##### DATA EXTRACT

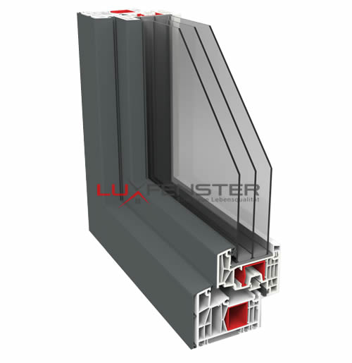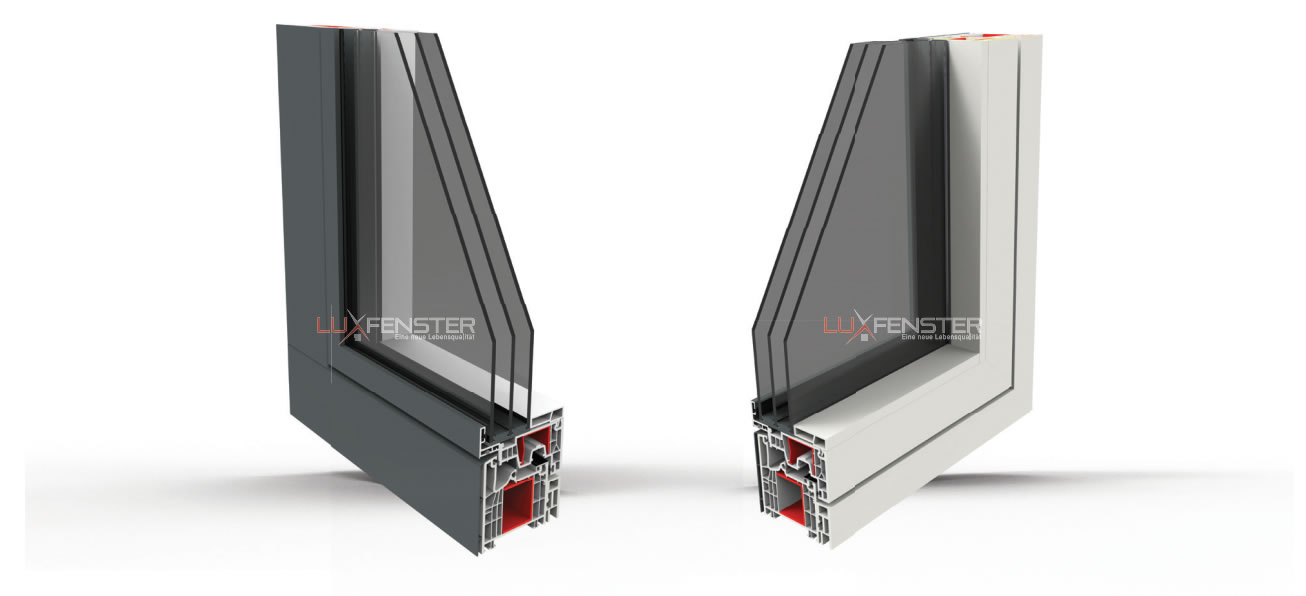 Mit der Aluminium-Vorsatzschale wird elegantes Aluminium-Design in nahezu unbegrenzter Farbvielfalt mit den optimalen Dämmwerten des modernsten Kunststoffprofil-Systems 88 LUX kombiniert. Mit seiner Eleganz, Witterungsbeständigkeit und Pflegeleichtigkeit überzeugt der Werkstoff Aluminium im Fensterbau. Kunststoff hingegen bietet eine optimale Wärme- und Schalldämmung sowie hohe Funktionssicherheit.
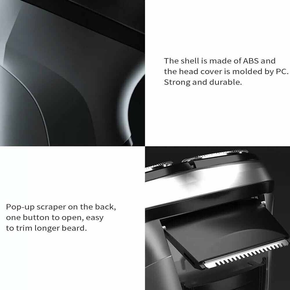 ● This razor has three sets of independently floating cutter heads, which add 1/3 shaving area than the ordinary double cutter razor. The cutter head has a smooth touch and elastic veneer to adapt to different face contours.
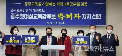 ±¤Áֽñ³À°Ã» ... ÅðÁ÷ ±³À°°ø¹«¿ø ¹ÚÇýÀÚ Èĺ¸ ÁöÁö¼±¾ð ¡°ÃÊ´ë¿©¼º ±³À°°¨ ¹ÚÇýÀÚÈĺ¸ Àû±Ø ÁöÁöÇÑ´Ù¡± |

##########

Omit the pictures and repeat the rest of the listing verbatim.

 Mit der Aluminium-Vorsatzschale wird elegantes Aluminium-Design in nahezu unbegrenzter Farbvielfalt mit den optimalen Dämmwerten des modernsten Kunststoffprofil-Systems 88 LUX kombiniert. Mit seiner Eleganz, Witterungsbeständigkeit und Pflegeleichtigkeit überzeugt der Werkstoff Aluminium im Fensterbau. Kunststoff hingegen bietet eine optimale Wärme- und Schalldämmung sowie hohe Funktionssicherheit.
 ● This razor has three sets of independently floating cutter heads, which add 1/3 shaving area than the ordinary double cutter razor. The cutter head has a smooth touch and elastic veneer to adapt to different face contours.
 ±¤Áֽñ³À°Ã» ... ÅðÁ÷ ±³À°°ø¹«¿ø ¹ÚÇýÀÚ Èĺ¸ ÁöÁö¼±¾ð ¡°ÃÊ´ë¿©¼º ±³À°°¨ ¹ÚÇýÀÚÈĺ¸ Àû±Ø ÁöÁöÇÑ´Ù¡± |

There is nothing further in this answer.